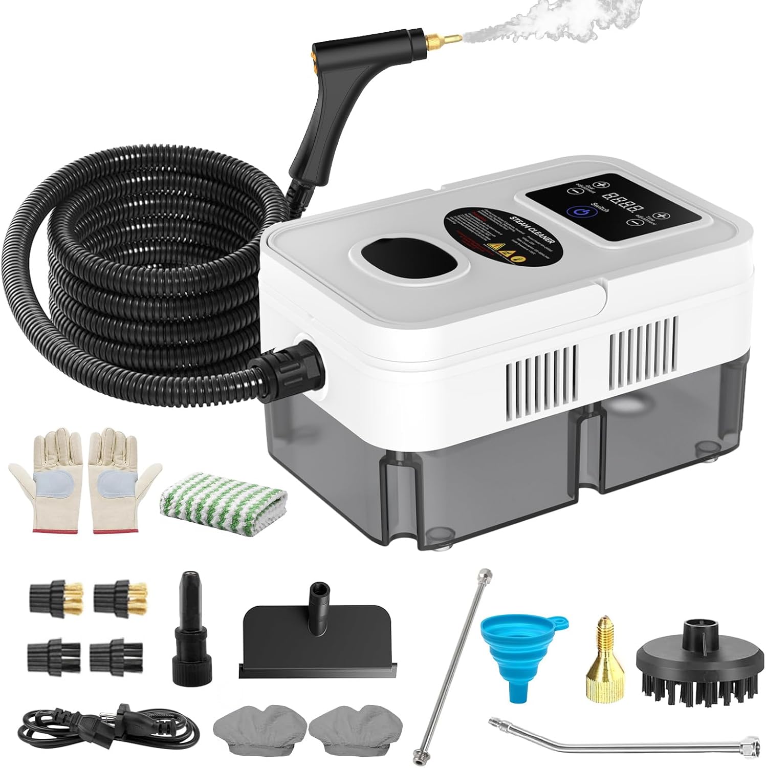 - 【Professional-Grade Steam Cleaner—Fast Heating with Smart Safety Features】 With 2500W of power, this steamer heats up in just 10 seconds and delivers high-pressure 221°F (105°C) steam to deep clean everything from floors to kitchen grease—no harsh chemicals needed. Set the built-in 30-minute timer for focused cleaning sessions, and don’t worry—it automatically shuts off if water runs low or time’s up
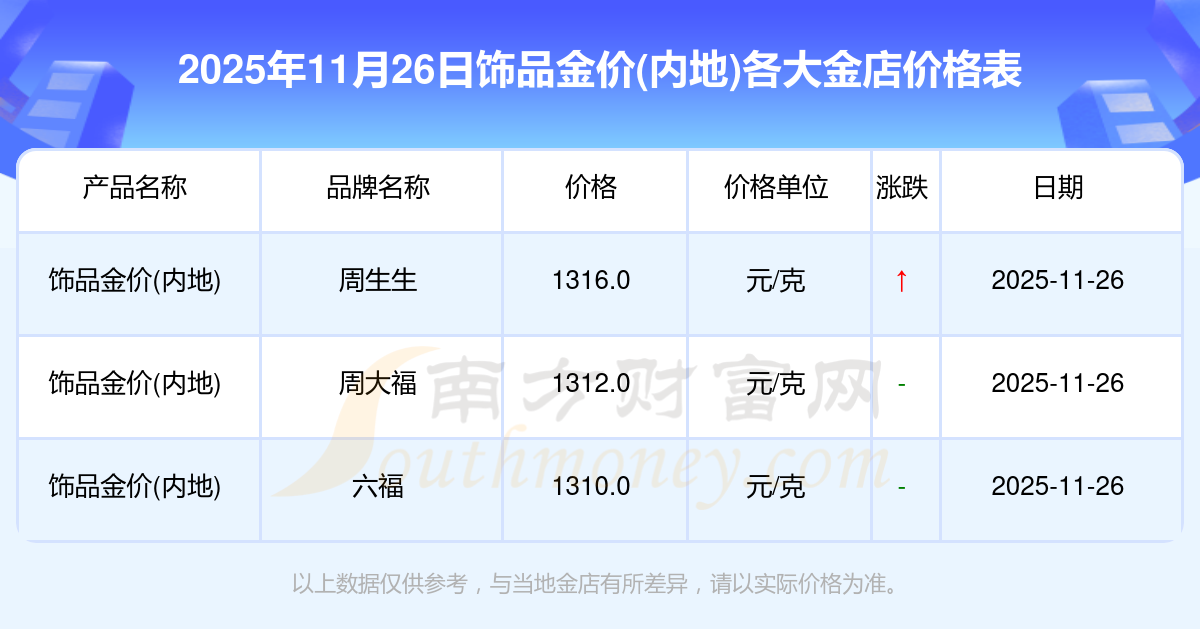 2025年11月26日周生生、潮宏基、潮宏基、周大生、周大生、亞一金店、亞一金店、寶慶銀樓、寶慶銀樓、太陽金店、太陽金店等各大金店品牌飾品金價(內地)最新價格如下:周生生金條金價(內地)1155.0元/克,潮宏基黃金價格1312.0元/克,潮宏基鉑金價格624.0元/克,周大生黃金價格1312.0元/克,周大生鉑金價格624.0元/克,亞一金店黃金價格1315.0元/克,亞一金店鉑金價格600.0元/克,寶慶銀樓黃金價格1258.0元/克,寶慶銀樓鉑金價格368.0元/克,太陽金店黃金價格1149.0元/克,太陽金店鉑金價格489.0元/克。
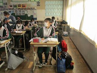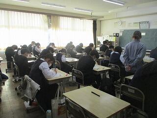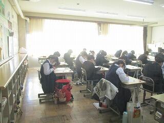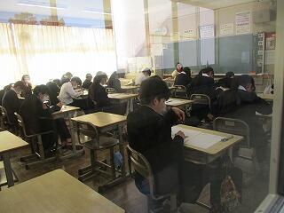 1年生はそれぞれのクラスで同時に数学の単元テストを行っていました。
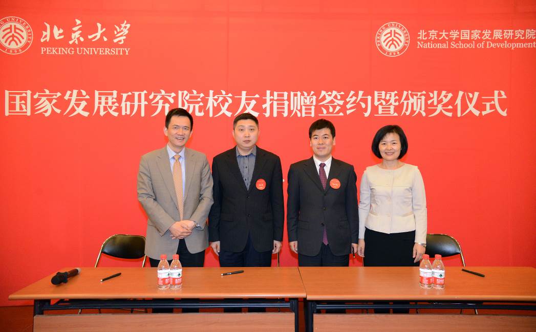 姚洋院長(zhǎng)、鄧婭校長(zhǎng)助理與馬慶偉、何永利校友共同簽署捐贈(zèng)協(xié)議
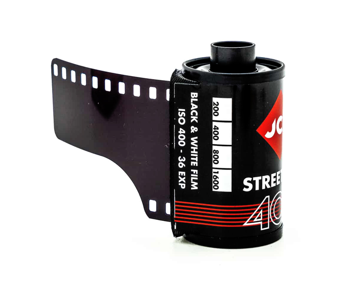 Основа пленки - полиэстер 100 микрон, довольно плотный, чтобы не испытывать неудобств при съемке и обеспечивающий хорошие антистатические свойства материала. Желатиновая подложка защищает пленку от царапин во время съемки и обработки. Мелкое зерно при высокой чувствительности позволяют использовать фотопленку при различной погоде, даже в самых сложных условиях освещенности. Благодаря своей чувствительности к красному свету, JCH StreetPan 400 является оптимальной пленкой для съемок на рассвете, в сумерках и зимой. Контрастность изображения может контролироваться процессом проявки. Поскольку спектральная чувствительность JCH Street Pan близка к инфракрасной фотопленке (чувствительна к ик спектру до 750 нм), можно снимать на нее инфракрасную фотографию. Пленка отлично себя ведет при большинстве процессов проявки и поэтому может быть проявлена как в фотолаборатории в проявочной машине, так и в домашних условиях.
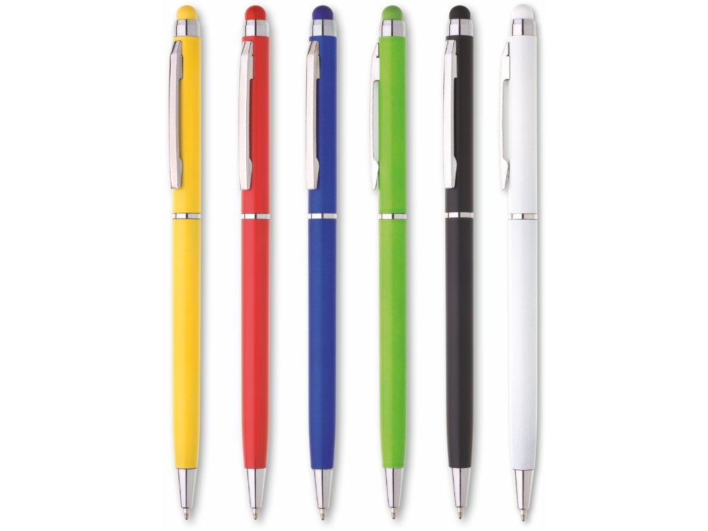 Plastové, kuličkové pero s tenkým, modrým tělem a s chromovými doplňky. Pero má otočný mechanismus a na konci těla touch pro dotykové displeje. Náplň X 20, modře píšící.Doplňkové parametry
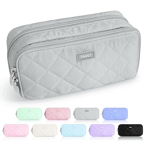 Extra Big Capacity: This organized pencil case provides ample room to store up to 110+ pens or other essentials like pencils, highlighters, erasers, and small staplers, even a calculator. Boasting a spacious capacity of L 9 x W 3.5 x H 4.3 inches. Age of Application: 3 yrs+. Multiple Compartments for Easy Storage: the special pencil pouch has multiple compartments. 1x main compartment (2 baffles divide it into 3 sections), 5x small pockets, 1x elastic pen loop. The front zip pocket contains 5x elastic pen loops, 1x mesh pocket. Provides enough space for your school supplies, makeup, sewing supplies or 3C supplies. Wide Opening & Portable Detachable Handle: The wide opening allows for easy visibility and quick access to your items. The easy grip handle makes it easy to carry your essentials wherever you go. Adorable Soft Quilted Design: This pencil pouch cute features a cute and charming design. The soft quilted fabric provides a cozy feel. Its stylish quilted pattern adds a visually appealing texture, making it a fashionable accessory for girls. Premium Material and Heavy-duty Zipper: Crafted from soft touch materials, this pencil bag cute offers a pleasant touch. The long-lasting quilted fabric and sturdy double zipper ensure durability and secure closure.

• [WHAT NEEDS TO BE DONE]:
Omit each image and transcribe the remaining records word for word.

• [OUTPUT FOR THIS TASK]:
 - 【Professional-Grade Steam Cleaner—Fast Heating with Smart Safety Features】 With 2500W of power, this steamer heats up in just 10 seconds and delivers high-pressure 221°F (105°C) steam to deep clean everything from floors to kitchen grease—no harsh chemicals needed. Set the built-in 30-minute timer for focused cleaning sessions, and don’t worry—it automatically shuts off if water runs low or time’s up
 2025年11月26日周生生、潮宏基、潮宏基、周大生、周大生、亞一金店、亞一金店、寶慶銀樓、寶慶銀樓、太陽金店、太陽金店等各大金店品牌飾品金價(內地)最新價格如下:周生生金條金價(內地)1155.0元/克,潮宏基黃金價格1312.0元/克,潮宏基鉑金價格624.0元/克,周大生黃金價格1312.0元/克,周大生鉑金價格624.0元/克,亞一金店黃金價格1315.0元/克,亞一金店鉑金價格600.0元/克,寶慶銀樓黃金價格1258.0元/克,寶慶銀樓鉑金價格368.0元/克,太陽金店黃金價格1149.0元/克,太陽金店鉑金價格489.0元/克。
 1年生はそれぞれのクラスで同時に数学の単元テストを行っていました。
 姚洋院長(zhǎng)、鄧婭校長(zhǎng)助理與馬慶偉、何永利校友共同簽署捐贈(zèng)協(xié)議
 Основа пленки - полиэстер 100 микрон, довольно плотный, чтобы не испытывать неудобств при съемке и обеспечивающий хорошие антистатические свойства материала. Желатиновая подложка защищает пленку от царапин во время съемки и обработки. Мелкое зерно при высокой чувствительности позволяют использовать фотопленку при различной погоде, даже в самых сложных условиях освещенности. Благодаря своей чувствительности к красному свету, JCH StreetPan 400 является оптимальной пленкой для съемок на рассвете, в сумерках и зимой. Контрастность изображения может контролироваться процессом проявки. Поскольку спектральная чувствительность JCH Street Pan близка к инфракрасной фотопленке (чувствительна к ик спектру до 750 нм), можно снимать на нее инфракрасную фотографию. Пленка отлично себя ведет при большинстве процессов проявки и поэтому может быть проявлена как в фотолаборатории в проявочной машине, так и в домашних условиях.
 Plastové, kuličkové pero s tenkým, modrým tělem a s chromovými doplňky. Pero má otočný mechanismus a na konci těla touch pro dotykové displeje. Náplň X 20, modře píšící.Doplňkové parametry
 Extra Big Capacity: This organized pencil case provides ample room to store up to 110+ pens or other essentials like pencils, highlighters, erasers, and small staplers, even a calculator. Boasting a spacious capacity of L 9 x W 3.5 x H 4.3 inches. Age of Application: 3 yrs+. Multiple Compartments for Easy Storage: the special pencil pouch has multiple compartments. 1x main compartment (2 baffles divide it into 3 sections), 5x small pockets, 1x elastic pen loop. The front zip pocket contains 5x elastic pen loops, 1x mesh pocket. Provides enough space for your school supplies, makeup, sewing supplies or 3C supplies. Wide Opening & Portable Detachable Handle: The wide opening allows for easy visibility and quick access to your items. The easy grip handle makes it easy to carry your essentials wherever you go. Adorable Soft Quilted Design: This pencil pouch cute features a cute and charming design. The soft quilted fabric provides a cozy feel. Its stylish quilted pattern adds a visually appealing texture, making it a fashionable accessory for girls. Premium Material and Heavy-duty Zipper: Crafted from soft touch materials, this pencil bag cute offers a pleasant touch. The long-lasting quilted fabric and sturdy double zipper ensure durability and secure closure.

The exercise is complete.